Hana przewróciła oczami, chcąc schować tym swoje zirytowanie, paplaniną przyjaciółki.

- Nie na sprzedasz. - burknęła.

- Jesteś pewna? Brałabym.

Choi zacisnęła usta w wąską linię.

- Daruj sobie.

- Oj, no dobrze... kiedyś może się uda. Warto było spróbować. - westchnęła Kim. - to on pomagał ci na matmie? W sumie, co innego, skoro ty debil z matmy.

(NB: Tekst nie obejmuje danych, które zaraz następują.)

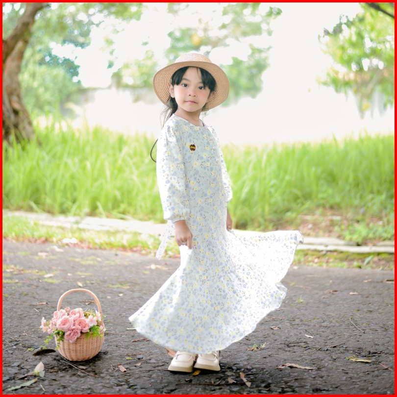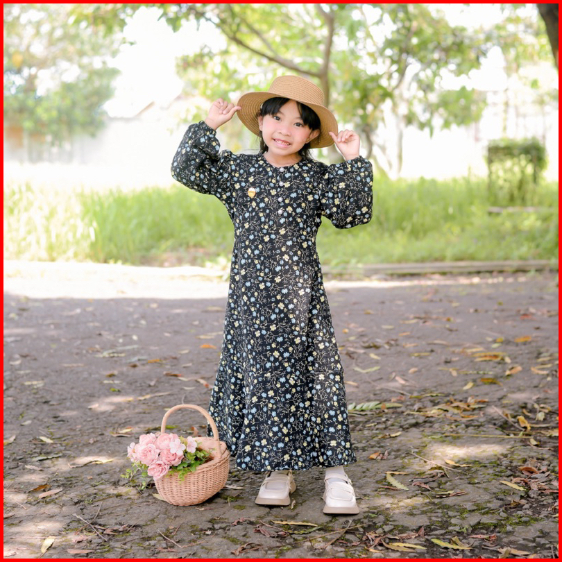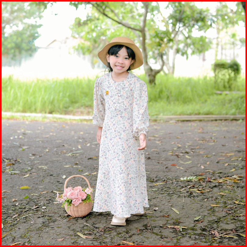 Soojin Korean Dress By Naira Kids Gamis Anak Perempuan Muslim Remaja Motif Bunga Vintage 3-14tahun Bahan Katun Viscose M
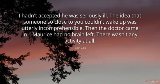 Gibb, Robin. "I hadn't accepted he was seriously ill. The idea that someone so close to you couldn't wake up was utterly incomprehensible. Then the doctor came in... Maurice had no brain left. There wasn't any activity at all." FixQuotes. January 15, 2026. https://fixquotes.com/quotes/i-hadnt-accepted-he-was-seriously-ill-the-idea-154069/.
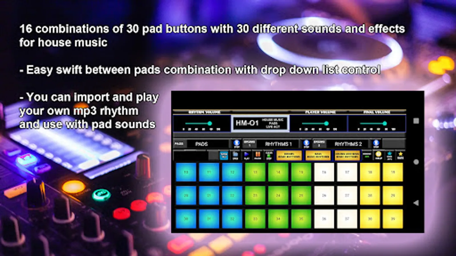 - You can use 10 combinations of 30 pad buttons with 30 different sounds and effects for house music
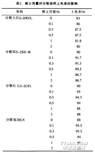 可以看出稀土用量在0.1%~0.3%时.其上色比常规染色有所提高,脚水清澈.不用稀土或用量超过0.5%时,上色率明显回落.脚水色泽相对较深.所以加稀土用量应适当,不可任意多加从稀土的染色机理来看.稀土与染料分子中的羟基氧原子、偶氮基的氮原子和磺酸基的氧原子间存在络合作用.从而使染料分子量增大.导致染色色泽加深.染料和纤维非极性部分之间的分子间作用力增大.上染率和色牢度也因而有一定程度的提高 稀土在染色过程中的作用体现在稀土对染料的作用:稀土对纤维或织物的作用。另外.郑雄利用稀土氧化物的特征.将其与其它碱土类金属的硫酸盐经高温烧结.制成具有吸收并蓄积光能的自发光材料.作为涤纶织物或麻棉织物的染色或印花的增深增艳剂使用。经测试,这种自发光材料具有较强的余辉效应.无放射性,对环境不产生污染.将稀土自发光材料制成印染加工的添加剂.在染色和印花工艺中使用.可改善和提高印染成品的外观质量.获得明显的增深增艳效果.其增深增艳作用是由于稀土氧化物自发光材料的长效吸光特性和蓄积能特性.具有反复吸收光能和释放长波的功能所致。
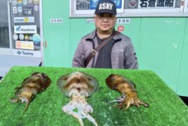船外機ボートで中島さんがアオリイカ1キロまでゲット。
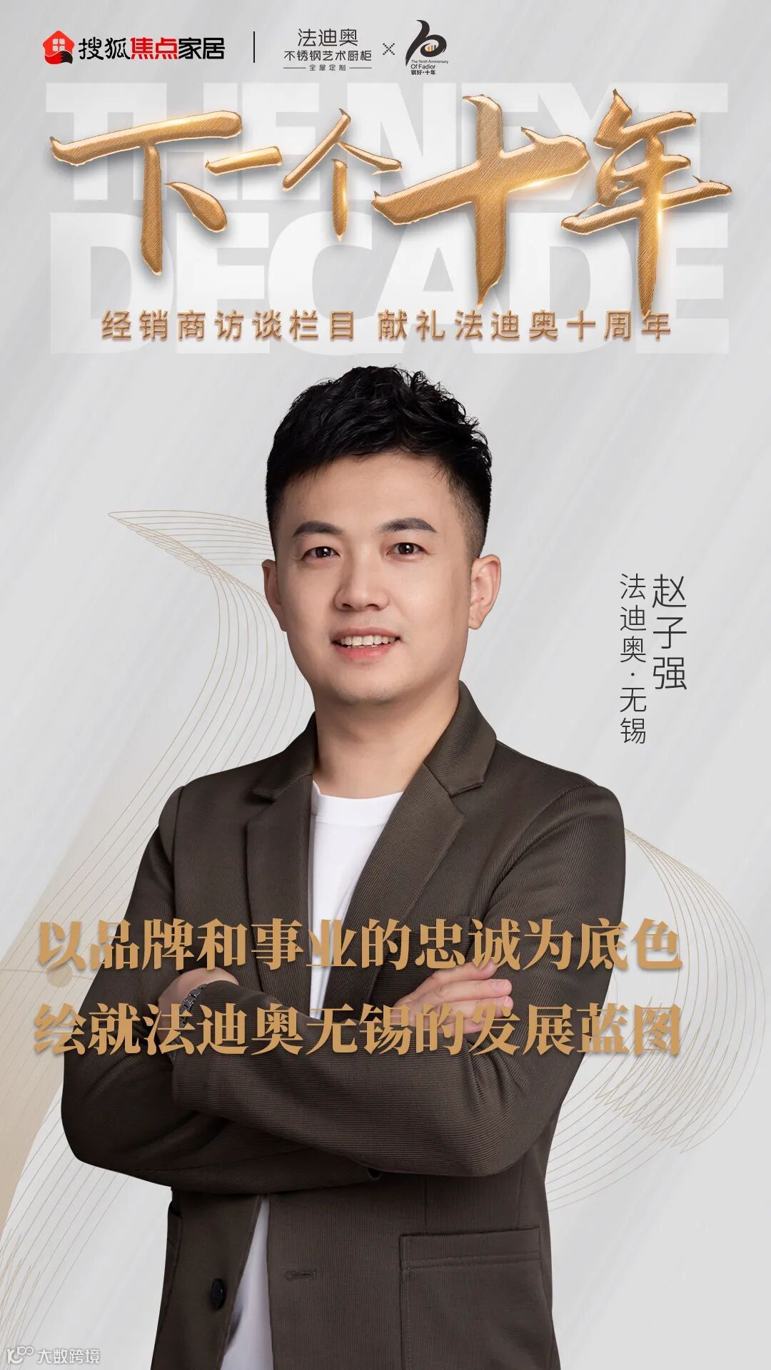 《下一个十年》法迪奥大商访谈第5期,对话法迪奥无锡经销商赵子强,看曾经的外企精英辞职回家创业,如何从小变大,由弱变强,在不锈钢定制行业中劈波斩浪,赢得市场认可的?又是如何十年如初,始终追随法迪奥发展的脚步,成为优秀的大商代表?
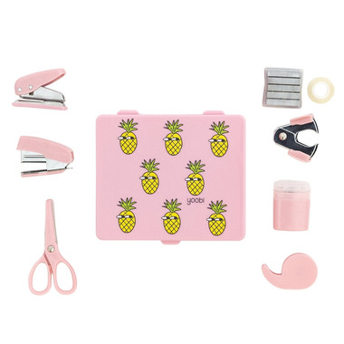 Think of it as a must have mini office kit perfect for on-the-go. Pencil sharpener? Check. Scissors? Check. Stapler, staple remover, and staples? Check. Tape dispenser, hole punch? Check. Yoobi's got you covered for any supply emergency. All mini sized and organized in a pink pineapple printed carrying case, of course.
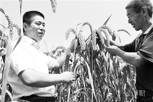 山西省原平市农村信用合作联社加大支农力度,运用信贷资金引导农民调整种植结构,实现粮食高产,农业效益最大化。图为原平联社白石信用社客户经理深入贾庄村田间地头,与村支部书记共同研究调整农业种植结构,走旱作农业新型之路,引导小杂粮生产向规模化发展。
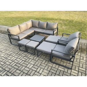 This aluminium Outdoor garden furniture set can be used both indoors and outdoors, with high quality aluminium Frame construction for sturdiness and long lasting. it can also be placed on the patio or balcony, The design of this patio lounge sofa set is a perfect blend of country chic and modern minimalism, adding an elegant touch to your house. Set Dimensions: 1 x Left Sofa with single armrest: 125W x 70D x 78H cm; 1 x Right Sofa with single armrest: 125W x 70D x 78H cm; 1 x Corner Sofa70L x 70W x 78H cm; 3 x Chair Size: 74L x 70W x 78H cm; 1 x Big footstool 60L x 60W x 35H cm; 2 x Fully Assembled Stool Size: 40L x 40W x 36H cm; 1 x Square Coffee table : 60L x 60W x 35H cm; Items Comes Flat Pack And Easy Assemble, Alloy Aluminium Frame With Powder Coating To Prevent The Rust, This Set Was Completely Made By Handmade, Aluminium Table Top Without Glass ,9 cm; Thick Seat Cushion With Soft Pillow Back Cushion Gives You More Comfort Move To Different Place. Pls Keep the Cushion Indoor Or With Rain Cover When Not In Use . Keep The Furniture With Rain Cover If Not Use For Long Time .the product is delivered on pallet, to kerbside only. Fimous 11 Seater Outdoor Aluminium Garden Furniture Set Corner Lounge Sofa Set with Square Coffee Table Chair 3 Footstools Dark Grey

- Wiesz, nie należę do umysłów ścisłych, ale chociaż jestem humanistą. Ty za to jesteś słaba w obu stronach. - burknęła Hana, odwracając się do przyjaciółki.

- Wooo, chyba się naburmuszyłaś. Wpadnę kiedy indziej. Kiedy będziesz chciała ze mną rozmawiać. Jak narazie zastępujesz mnie swoim wyobrażeniem. Pa. - powiedziała zdenerwowana SooJi i wyszła.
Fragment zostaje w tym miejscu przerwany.